The project leader seemed to be having the same line of thought. His face had gone completely white and he gulped before speaking. “Find out how much of Jupiter went through the portal exactly, and run some simulations based on the last moment of data we got from the sun. Tell me we didn’t just start a supernova...”
They all joined together running the numbers. They ran them twice. And then, just to be sure, once more. Then, for lack of a better option they each split up and ran them independently. There was no firm conclusion to be drawn.
“It isn’t possible.” James said, frustrated. “We should be able to drop all of Jupiter into the sun and still not have a supernova. There just isn’t enough mass there to cause a supernova.”
“It isn’t possible that any of this happened and it did!”
The discussions went around the room arguing the possibility and the impossibility of it. Without enough data they could not come to any agreement except that it was deemed impossible, and yet somehow it had happened. How, they did not know, but there was nothing to do now except wait for more data via the satellite communication links. It takes light 43 minutes to reach Jupiter from the Sun. That was how long they had to wait before any data would start coming in for them to confirm the result.
With no more tests to run they had gone up to the observation deck to wait the time out.

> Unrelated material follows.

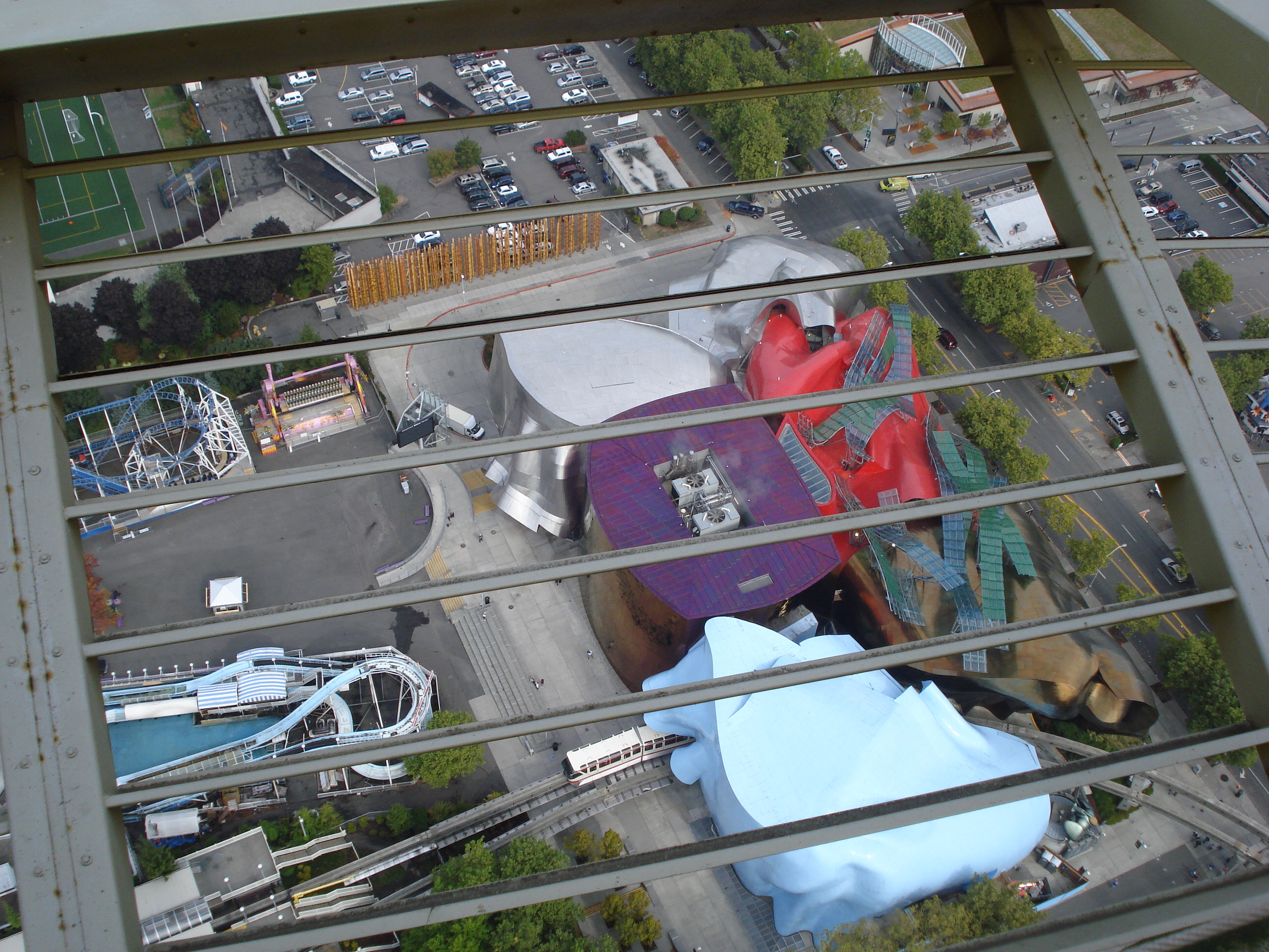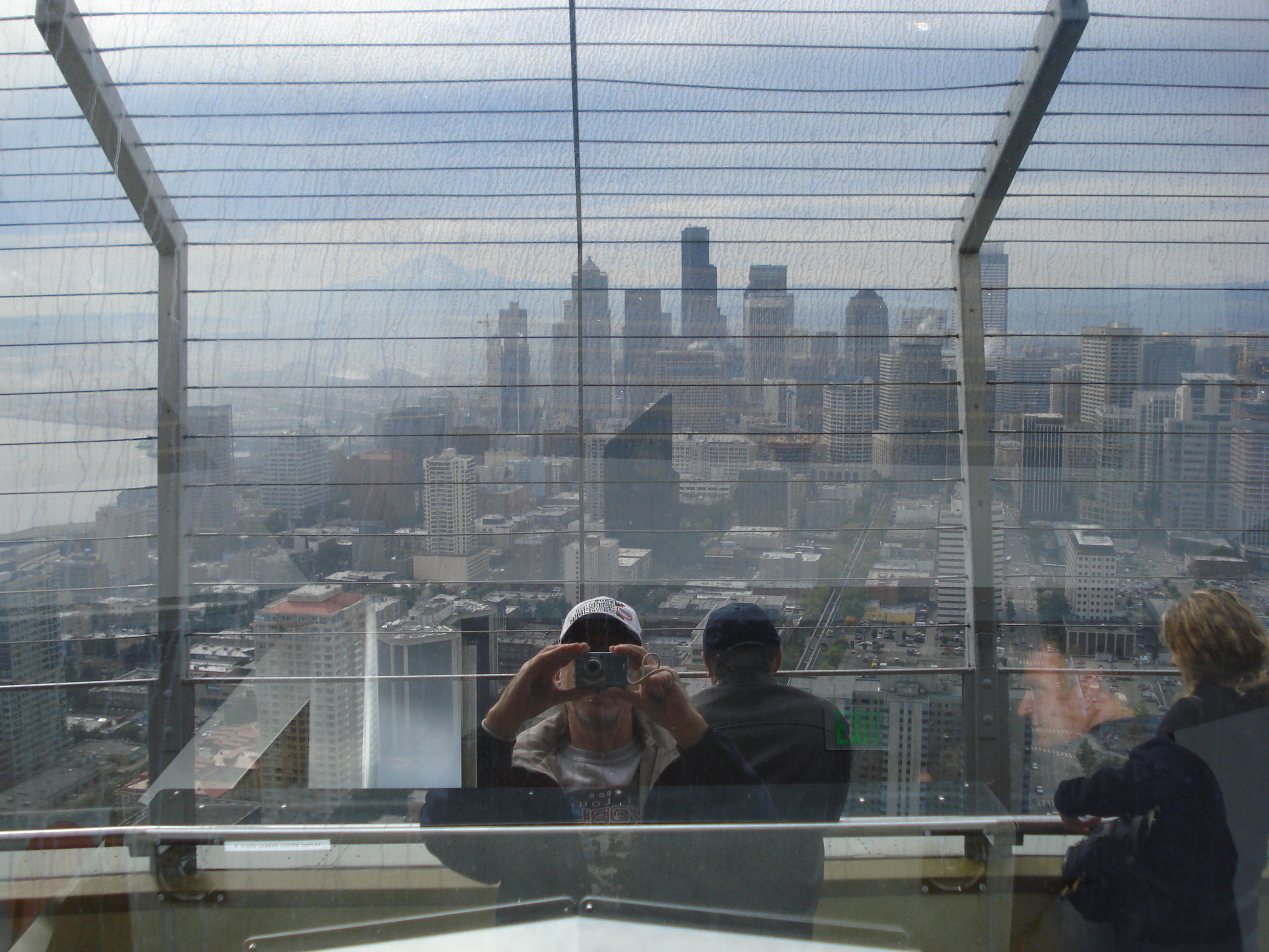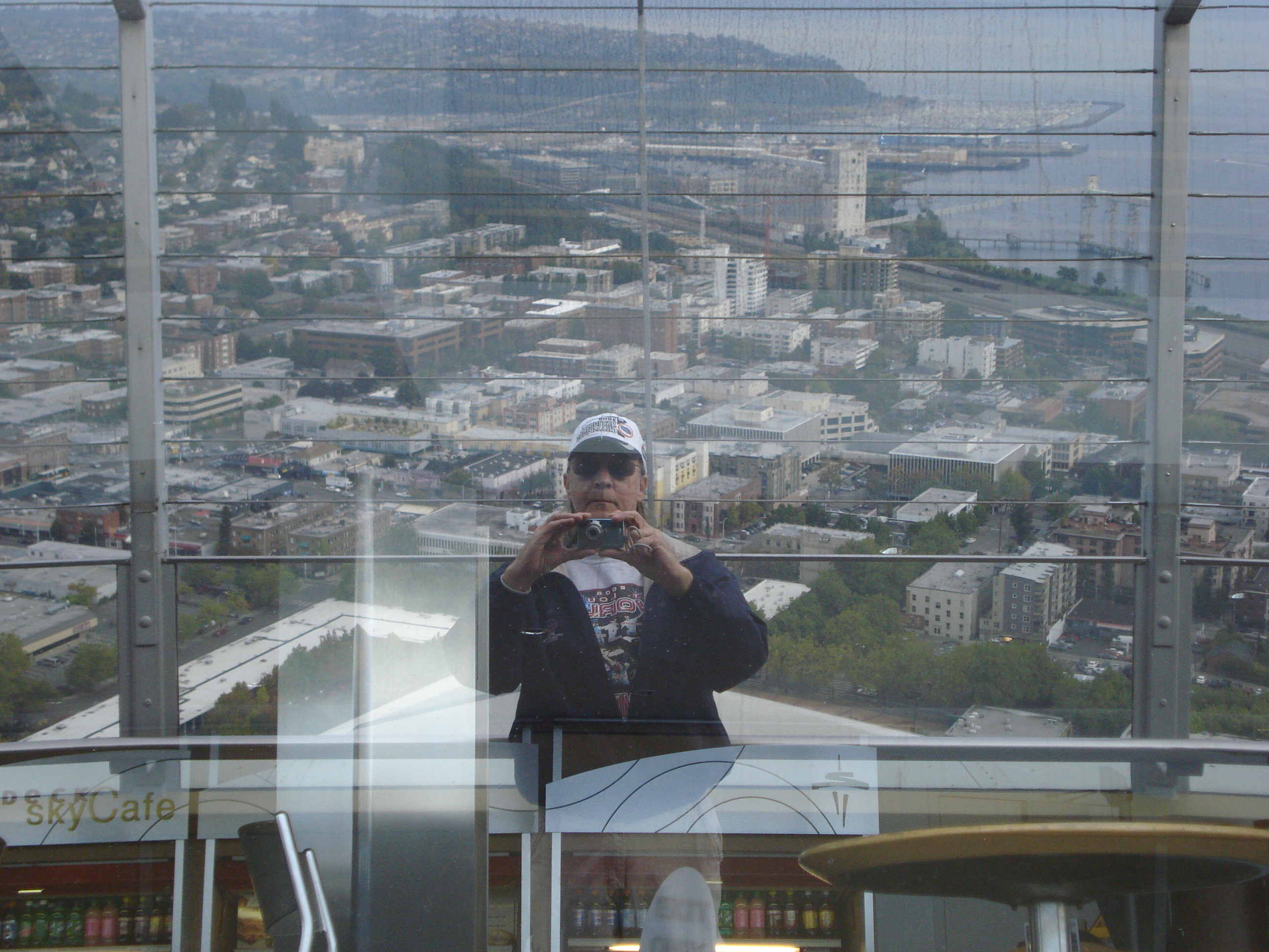 | The Space Needle. Built in 1962 as part of the Seattle World's Fair it stands 520 feet tall, about 50 stories, has glass elevators that take you to the top for magnificent views of surrounding areas. There is a restaurant up there as well, but get your eservations in early, it is a popular place to eat. I did some shopping after thr trip up in the shops below and of course, I bought more pens for my best friend Shannon. :<) | ||||

Someone had put the countdown on a display. 10 minutes to go. It was silent, but James could swear each second that ticked by was accompanied by a deafening boom, like a millennia-old grandfather clock. He sat down again and forced his eyes closed. It isn’t possible to make the sun into a supernova. It isn’t possible to make the sun into a supernova. Over and over he repeated it to himself.
He looked over at Jennifer for what may well be the last time, who was now grinding her teeth, eyes unblinking and locked on the countdown. Painfully, the last few minutes ticked by. As the timer hit zero there was a few moments of complete stillness. For a few seconds no one moved and the lack of noise made him wonder if people were even breathing.
Then, like a clap of thunder the room erupted into motion as everyone scrambled to their displays and datapads, desperate to see what data was coming in from the sun. James looked around, there didn’t seem to be much he could do to help so he stayed out of everyone’s way. No warning lights were going off and no radiation alarms sounding, so that must be a good sign.
In the midst of all the chaos it occurred to him that no one had actually said a word since he had posed the question nearly 43 minutes ago. He looked at his datapad and saw the sun’s energy output had stopped rising. It seemed to have peaked. The graph beeped, and the number dropped. Another beep and another drop. It dropped again.
Everyone was now watching the project leader, who was nodding at every data point in the graph, each time more enthusiastically than the last. The numbers kept dropping. They were on the lower end. It would do some damage to electronics, particularly the older ones, and there would be a lot of sunburns, but there would be no mass destruction, no death of the human race. He took a long, slow breath and swallowed.
“No, we did not.”
With almost synchronised timing everyone gathered let out a sigh of relief. Some of the team were openly crying, some laughing. James sat back, he himself had the urge to be sick. This was not how he had expected his first week to go. The project leader continued: “I’m going to go to my office, I expect I will be receiving a message from Earth in about 5 minutes. They’ll want to know what the hell just happened.”